- Born: Seattle, Washington, U.S.
- Education: University of Washington Cornell University
- Known for: Femtosecond stimulated Raman spectroscopy (FSRS) DNA sequencing technology Microfluidic analytical systems
- Awards: Ellis R. Lippincott Award ACS Award in Chemical Instrumentation Fellow of the National Academy of Inventors
- Scientific career
- Fields: Physical chemistry; Bioanalytical chemistry; Spectroscopy;
- Workplaces: University of California, Berkeley

= Richard A. Mathies =

American chemist and academic (born 1946)

Richard A. Mathies (born September 1946) is an American chemist and academic known for his contributions to physical chemistry, bioanalytical chemistry, ultrafast vibrational spectroscopy, microfluidic analytical systems, and biotechnology innovation. He is Professor Emeritus of Chemistry at the University of California, Berkeley and served as its Dean of the College of Chemistry from 2008 to 2013.

== Early life and education ==
Mathies was born in Seattle, Washington. He earned a Bachelor of Science in Chemistry from the University of Washington in 1968 and completed his graduate studies at Cornell University, receiving an M.S. in Physical Chemistry in 1970 and a Ph.D. in Physical Chemistry in 1974.

Following his doctorate, he was awarded a Helen Hay Whitney Postdoctoral Fellowship and conducted postdoctoral research at Yale University from 1973 to 1976.

== Academic career ==
Mathies joined the faculty of the University of California, Berkeley in 1976 as an assistant professor of chemistry. He was promoted to associate professor in 1982 and to full professor in 1986. In 2008, he was appointed the G. N. Lewis professor of chemistry and served as the dean of the college of chemistry until 2013.

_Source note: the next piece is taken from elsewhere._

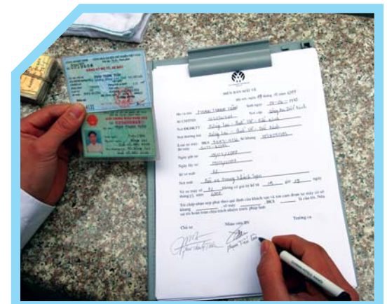
GHI VÀO SỔ THEO DÕI TÌNH HÌNH TRONG CA LÀM VIỆC

After stepping down as dean, he continued his academic service as professor of the graduate school and became an emeritus professor in 2013. He has also served as a senior fellow at Space Sciences Laboratory (SSL).

== Research ==
=== Ultrafast vibrational spectroscopy ===
Mathies is widely recognized for pioneering work in resonance Raman spectroscopy and for developing Femtosecond Stimulated Raman Spectroscopy (FSRS). His research elucidated the primary photochemistry of rhodopsins, demonstrating that "the 11-cis to trans isomerization of the retinal chromophore occurs in approximately 200 femtoseconds, among the fastest photochemical reactions known in nature".

=== Bioanalytical chemistry and genomic analysis ===
In bioanalytical chemistry, Mathies pioneered laser-induced fluorescence detection and microfabricated lab-on-a-chip systems. His laboratory developed the first capillary array electrophoretic DNA sequencing instruments, which enables high-throughput DNA sequencing and contributing to the technological foundation of the Human Genome Project.

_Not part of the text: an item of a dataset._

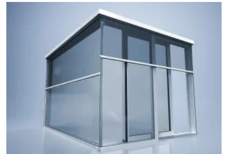
Zipscreen-System heroyal VS Z Ecklösung

Die heroyal VS Z Ecklösung besteht aus zwei Textilscreens mit Zip-Führung an den Seiten und einer Seilführung im Eckbereich, die für effizienten Sonnenschutz an Ecken (z. B. Ganzglasecken) sorgen. Besonders raffiniert: Der Behang wird mit separaten Endleisten geführt, die beide in nur einer Seilführung verlaufen. So lassen sich die Screens unabhängig voneinander steuern und können variabel an den Stand der Sonne angepasst werden.

=== Biotechnology innovation and patents ===
For many years, inventions arising from his laboratory generated the largest royalty income across the University of California system, reflecting their scientific and commercial impact on genomic sequencing and forensic DNA analysis.

===Planetary exploration===
Mathies has led research on compact analytical instruments for planetary exploration. His group developed the Mars Organic Analyzer, a microfabricated capillary electrophoresis system designed to detect trace organic molecules in extraterrestrial environments. These systems were tested in Mars-analog environments such as the Atacama Desert and adapted for proposed missions to the icy moons Enceladus and Europa.

== Honors and awards ==
- Fellow, National Academy of Inventors (2015)
- The American Chemical Society (ACS) Analytical Division Award in Chemical Instrumentation (2010)
- Ellis R. Lippincott Award, Optical Society of America (2004)

== Selected publications ==
- Kukura, P.; McCamant, D. W.; Mathies, R. A. (2007). Femtosecond stimulated Raman spectroscopy. Annual Review of Physical Chemistry.
- Huang, X.; Mathies, R. A. (1992). Capillary array electrophoresis for DNA sequencing. Analytical Chemistry.
- New, J. S.; Mathies, R. A. (2021). Sampling Enceladus plume material for biomarkers. Proceedings of the National Academy of Sciences.